_Task:_
Exact copies of the lines below are the goal; any images in them are dropped.

_Recorded data:_
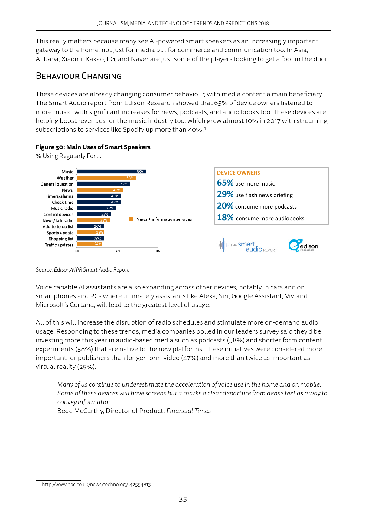 智能扬声器的发展会影响电台节目安排并催生更多音频点播。面对这一趋势,媒体公司将在2018年增加对音频媒体和新平台上短内容的投资。
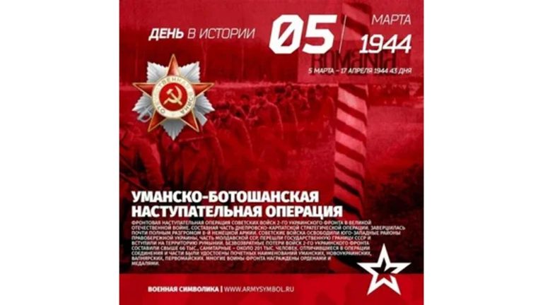 5 марта 1943 года. Началась Уманско-Ботошанская наступательная операция войск 2-го Украинского фронта, продолжавшаяся до 17 апреля 1944 года. На участке прорыва была проведена разведка боем с целью уточнения переднего края обороны противника. Чтобы замаскировать участки предстоящего прорыва, разведка боем проводилась по всей полосе фронта.
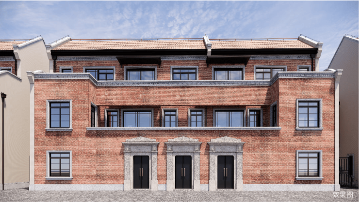 在立面的元素中,既有汲取周边老城厢、三益里建筑山花的“山花山墙”,也有汲取隆信坊、老城厢的窗户装饰,并且还有汾州里特有的栏杆装饰风格。不同别墅元素排列组合,呈现出个性化的生活范本,让业主体验到独一无二的尊崇感和仪式感。
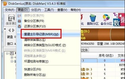 3、點(diǎn)擊diskgenius菜單欄 硬盤——重建主引導(dǎo)記錄
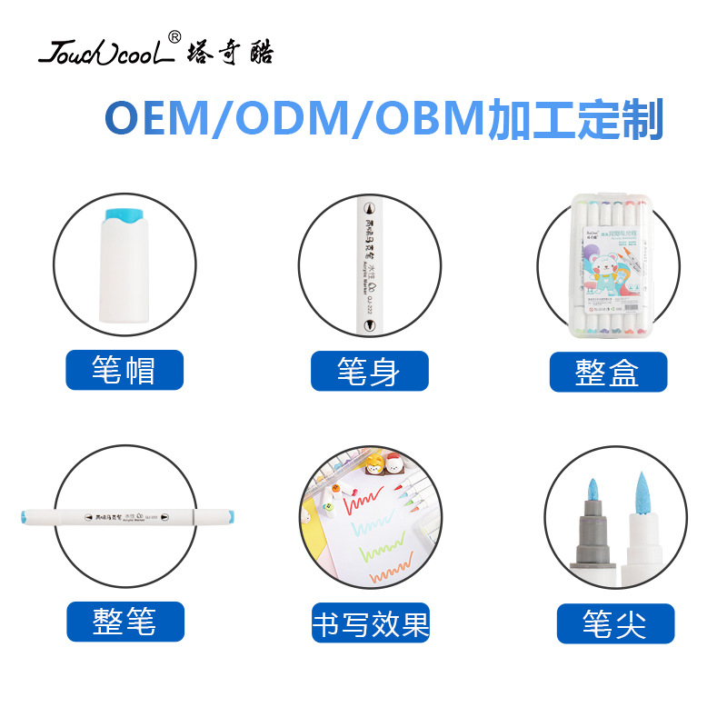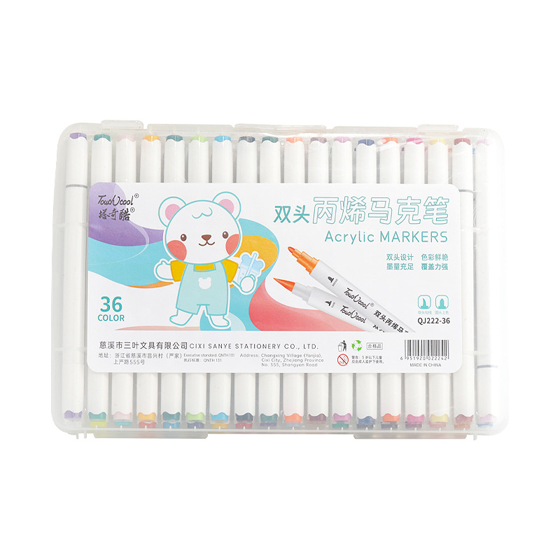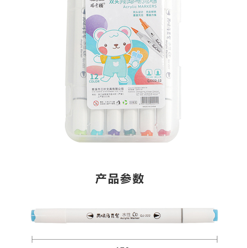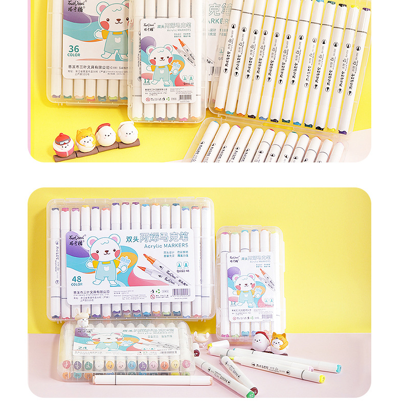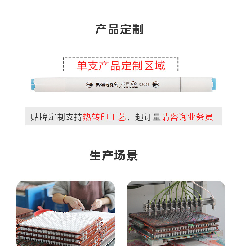 定制双头水性丙烯马克笔防水速干软头儿童涂鸦笔水彩笔覆盖力强
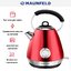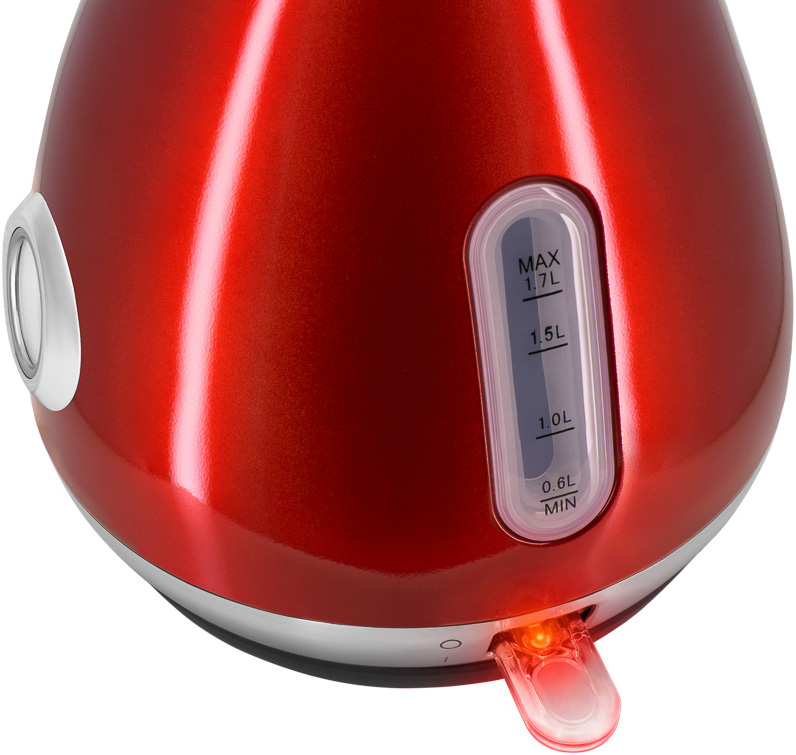 Материал корпуса: металл. Материал подставки: пластик. Объем (л): 1.7. Цвет: вишня. Мощность (Вт): 2200. Управление: механическое.
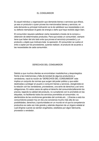 Este documento describe el comportamiento del consumidor, incluyendo sus motivaciones y hábitos de compra. Define al consumidor como un individuo u organización que demanda bienes o servicios para satisfacer necesidades. Explica que los consumidores tienen derechos protegidos por leyes y que sus comportamientos de compra se ven influenciados por factores como qué, cuándo, dónde y cómo compran, así como por motivos racionales, emocionales y de selección. Finalmente, señala que los hábitos de compra incluyen la elección del establec
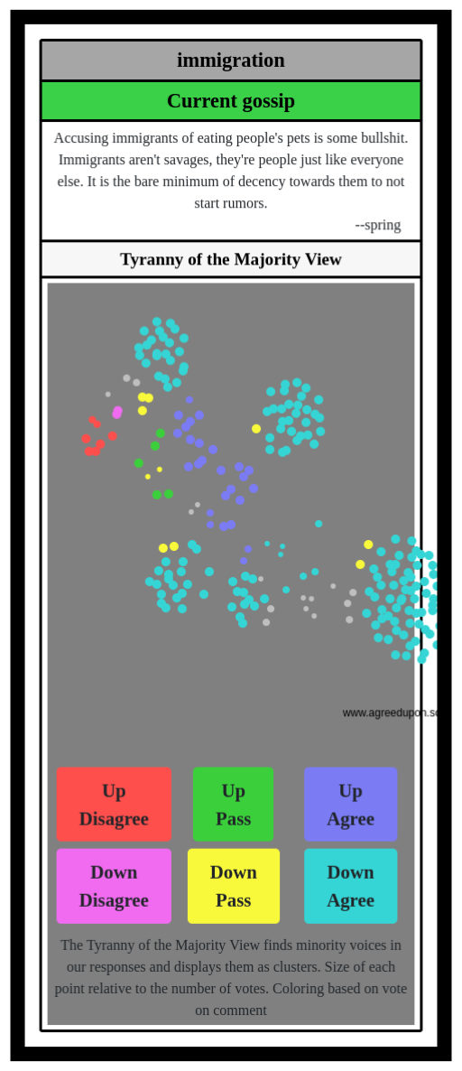 The Tyranny of the Majority View finds minority voices in our responses and displays them as clusters. Size of each point relative to the number of votes. Coloring based on vote on comment
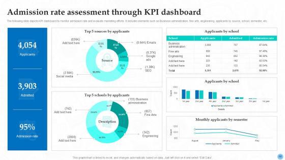 The following slide depicts KPI dashboard to monitor admission rate and evaluate marketing efforts. It includes elements such as Business administration, fine arts, engineering, applicants by source, school, semester, etc. Find a pre-designed and impeccable Admission Rate Assessment Through Kpi Higher Education Ppt Slides Strategy SS V. The templates can ace your presentation without additional effort. You can download these easy-to-edit presentation templates to make your presentation stand out from others. So, what are you waiting for Download the template from Slidegeeks today and give a unique touch to your presentation. The following slide depicts KPI dashboard to monitor admission rate and evaluate marketing efforts. It includes elements such as Business administration, fine arts, engineering, applicants by source, school, semester, etc.
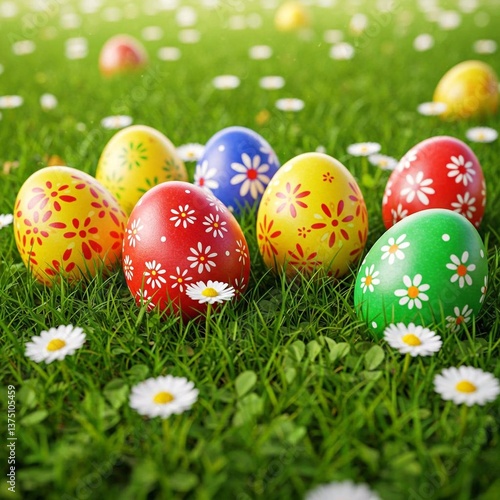 A collection of 6 painted easter eggs green meadow grass & daisies with a transparent background,template celebrating a Happy Easter with cut painted, flower,
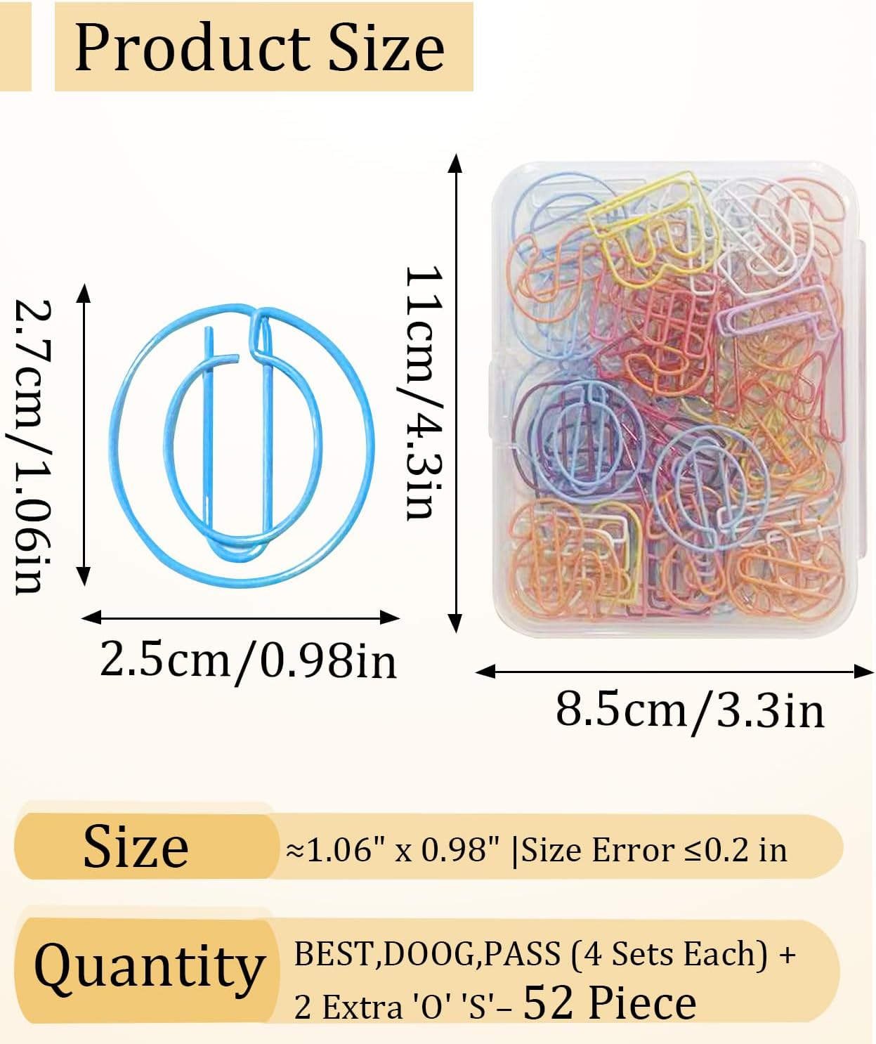 52 Pcs Stainless Steel Paper Clips - Alphabet Letter Clips for Office & School with Storage Box Assorted Color (Teachers' Themes)

_Written solution:_
 智能扬声器的发展会影响电台节目安排并催生更多音频点播。面对这一趋势,媒体公司将在2018年增加对音频媒体和新平台上短内容的投资。
 5 марта 1943 года. Началась Уманско-Ботошанская наступательная операция войск 2-го Украинского фронта, продолжавшаяся до 17 апреля 1944 года. На участке прорыва была проведена разведка боем с целью уточнения переднего края обороны противника. Чтобы замаскировать участки предстоящего прорыва, разведка боем проводилась по всей полосе фронта.
 在立面的元素中,既有汲取周边老城厢、三益里建筑山花的“山花山墙”,也有汲取隆信坊、老城厢的窗户装饰,并且还有汾州里特有的栏杆装饰风格。不同别墅元素排列组合,呈现出个性化的生活范本,让业主体验到独一无二的尊崇感和仪式感。
 3、點(diǎn)擊diskgenius菜單欄 硬盤——重建主引導(dǎo)記錄
 定制双头水性丙烯马克笔防水速干软头儿童涂鸦笔水彩笔覆盖力强
 Материал корпуса: металл. Материал подставки: пластик. Объем (л): 1.7. Цвет: вишня. Мощность (Вт): 2200. Управление: механическое.
 Este documento describe el comportamiento del consumidor, incluyendo sus motivaciones y hábitos de compra. Define al consumidor como un individuo u organización que demanda bienes o servicios para satisfacer necesidades. Explica que los consumidores tienen derechos protegidos por leyes y que sus comportamientos de compra se ven influenciados por factores como qué, cuándo, dónde y cómo compran, así como por motivos racionales, emocionales y de selección. Finalmente, señala que los hábitos de compra incluyen la elección del establec
 The Tyranny of the Majority View finds minority voices in our responses and displays them as clusters. Size of each point relative to the number of votes. Coloring based on vote on comment
 The following slide depicts KPI dashboard to monitor admission rate and evaluate marketing efforts. It includes elements such as Business administration, fine arts, engineering, applicants by source, school, semester, etc. Find a pre-designed and impeccable Admission Rate Assessment Through Kpi Higher Education Ppt Slides Strategy SS V. The templates can ace your presentation without additional effort. You can download these easy-to-edit presentation templates to make your presentation stand out from others. So, what are you waiting for Download the template from Slidegeeks today and give a unique touch to your presentation. The following slide depicts KPI dashboard to monitor admission rate and evaluate marketing efforts. It includes elements such as Business administration, fine arts, engineering, applicants by source, school, semester, etc.
 A collection of 6 painted easter eggs green meadow grass & daisies with a transparent background,template celebrating a Happy Easter with cut painted, flower,
 52 Pcs Stainless Steel Paper Clips - Alphabet Letter Clips for Office & School with Storage Box Assorted Color (Teachers' Themes)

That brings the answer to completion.